## DATASET EXTRACT
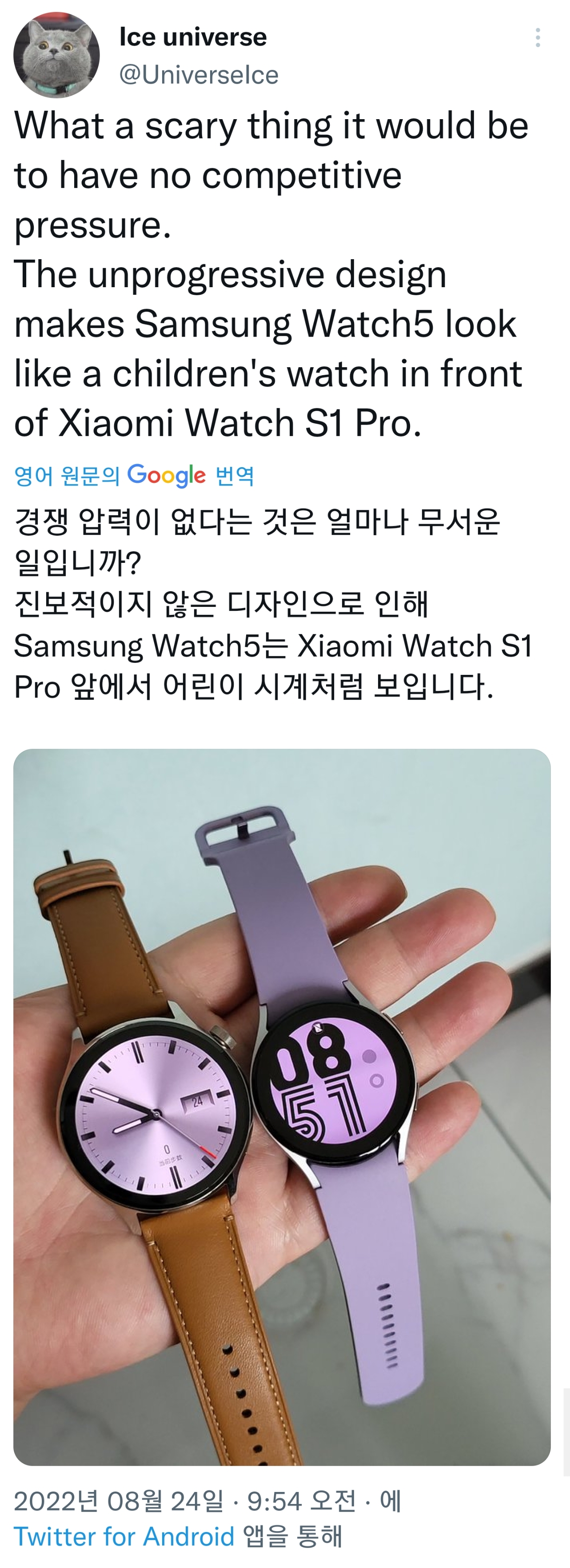 그리고 그 후에 올린 트윗에서는 더 심한 말로 갤워치5를 비난하고 있는데, 중국 '샤오미 워치 S1 프로' 와 비교 하면서 심지어 어린이 장난감 시계 같다고 혹평을 하고 있습니다.
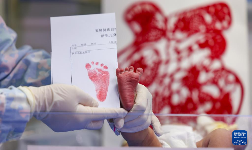 2024年2月10日,农历大年初一,在贵州省铜仁市玉屏侗族自治县人民医院新生儿科,医务人员为一名刚出生的“龙宝宝”留下脚印。
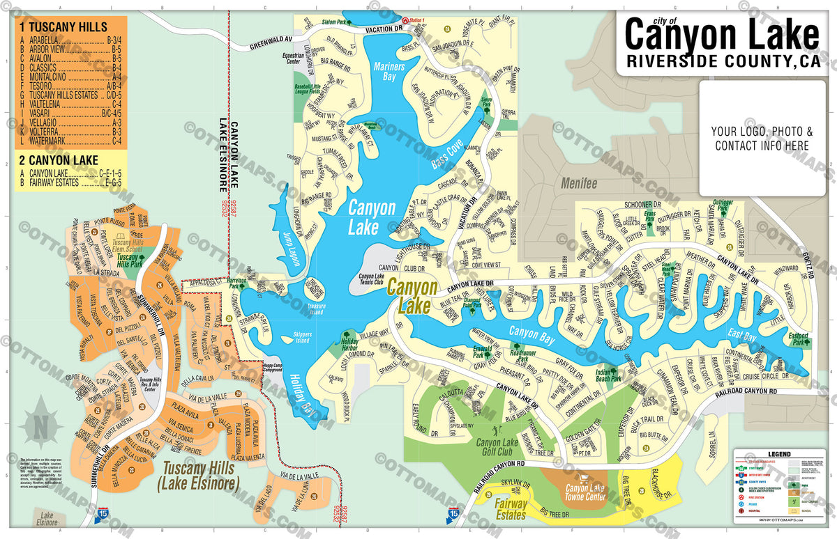 Canyon Lake Map with Tuscany Hills, Riverside County, CA โ Otto Maps
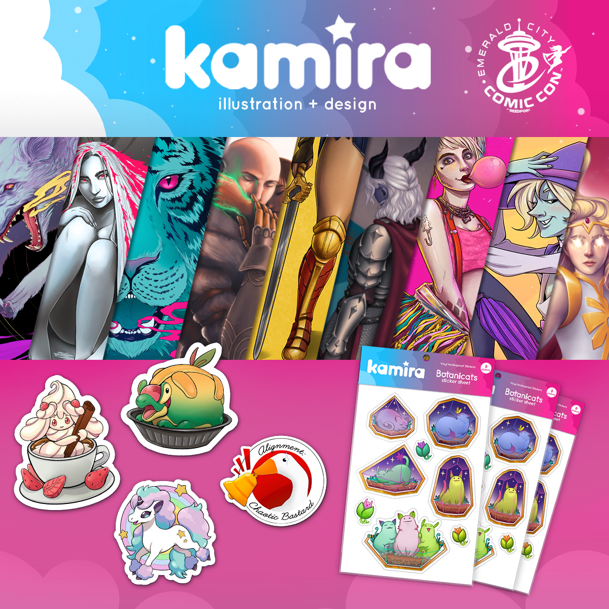 Kamira Studios is a small business that was founded by Amanda Feldman, Amira El-Moslimany and myself. It is a collaborative passion project, in which we create original art and fan art to sell at local conventions like Sakura Con and Emerald City Comic Con and network with other artists and fans like ourselves.

## AIM OF THE EXERCISE
Repeat only the lines between the start of the data and the line with "Canyon Lake Map", including those two lines, and skip the pictures.

## ANSWER SPACE
 그리고 그 후에 올린 트윗에서는 더 심한 말로 갤워치5를 비난하고 있는데, 중국 '샤오미 워치 S1 프로' 와 비교 하면서 심지어 어린이 장난감 시계 같다고 혹평을 하고 있습니다.
 2024年2月10日,农历大年初一,在贵州省铜仁市玉屏侗族自治县人民医院新生儿科,医务人员为一名刚出生的“龙宝宝”留下脚印。
 Canyon Lake Map with Tuscany Hills, Riverside County, CA โ Otto Maps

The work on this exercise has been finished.